§ Records for the exercise:

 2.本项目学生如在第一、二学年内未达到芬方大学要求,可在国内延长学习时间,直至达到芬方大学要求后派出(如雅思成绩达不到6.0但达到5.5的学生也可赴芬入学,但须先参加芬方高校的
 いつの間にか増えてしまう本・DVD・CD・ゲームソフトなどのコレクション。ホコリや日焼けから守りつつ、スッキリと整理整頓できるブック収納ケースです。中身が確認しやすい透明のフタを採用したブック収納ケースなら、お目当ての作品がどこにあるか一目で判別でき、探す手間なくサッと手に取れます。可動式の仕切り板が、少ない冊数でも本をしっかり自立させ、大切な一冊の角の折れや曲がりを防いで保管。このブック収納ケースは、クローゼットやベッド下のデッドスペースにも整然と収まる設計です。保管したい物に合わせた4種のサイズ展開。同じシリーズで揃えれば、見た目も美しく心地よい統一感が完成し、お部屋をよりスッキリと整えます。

...

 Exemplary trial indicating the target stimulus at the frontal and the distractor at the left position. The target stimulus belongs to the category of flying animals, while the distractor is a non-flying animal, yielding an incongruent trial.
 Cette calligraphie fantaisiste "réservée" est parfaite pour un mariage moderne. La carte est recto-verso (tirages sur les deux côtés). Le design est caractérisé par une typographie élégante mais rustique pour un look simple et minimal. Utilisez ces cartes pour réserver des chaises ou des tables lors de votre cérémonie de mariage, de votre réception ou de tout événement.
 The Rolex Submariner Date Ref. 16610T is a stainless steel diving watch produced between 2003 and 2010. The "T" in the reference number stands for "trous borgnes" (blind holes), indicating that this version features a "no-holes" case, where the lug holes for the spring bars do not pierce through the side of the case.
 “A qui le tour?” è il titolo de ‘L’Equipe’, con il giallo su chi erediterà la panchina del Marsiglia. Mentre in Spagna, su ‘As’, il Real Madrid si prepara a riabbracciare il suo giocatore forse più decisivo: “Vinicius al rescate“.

==

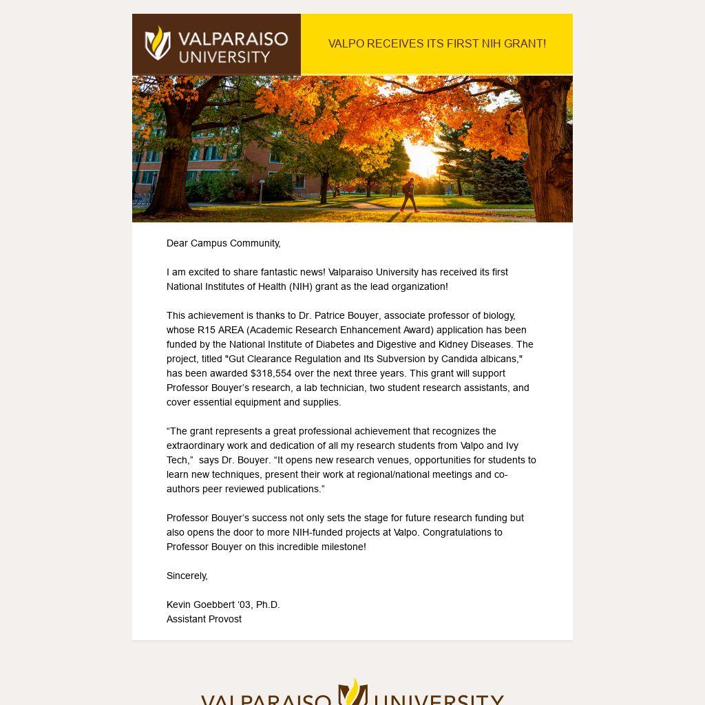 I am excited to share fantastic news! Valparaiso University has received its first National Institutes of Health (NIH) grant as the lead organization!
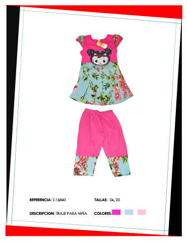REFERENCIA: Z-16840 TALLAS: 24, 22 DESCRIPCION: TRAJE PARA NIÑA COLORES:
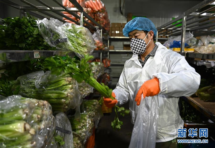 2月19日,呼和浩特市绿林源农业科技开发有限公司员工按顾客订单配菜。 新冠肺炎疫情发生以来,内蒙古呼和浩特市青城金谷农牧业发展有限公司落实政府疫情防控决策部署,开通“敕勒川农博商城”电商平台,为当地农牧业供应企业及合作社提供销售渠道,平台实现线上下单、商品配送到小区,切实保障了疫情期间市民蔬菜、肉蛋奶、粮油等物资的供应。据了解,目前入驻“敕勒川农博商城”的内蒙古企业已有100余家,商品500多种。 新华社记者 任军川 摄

§ Your assignment:
State how many lines in the material contain "indicating", giving nothing besides the count.

§ Exercise output:
2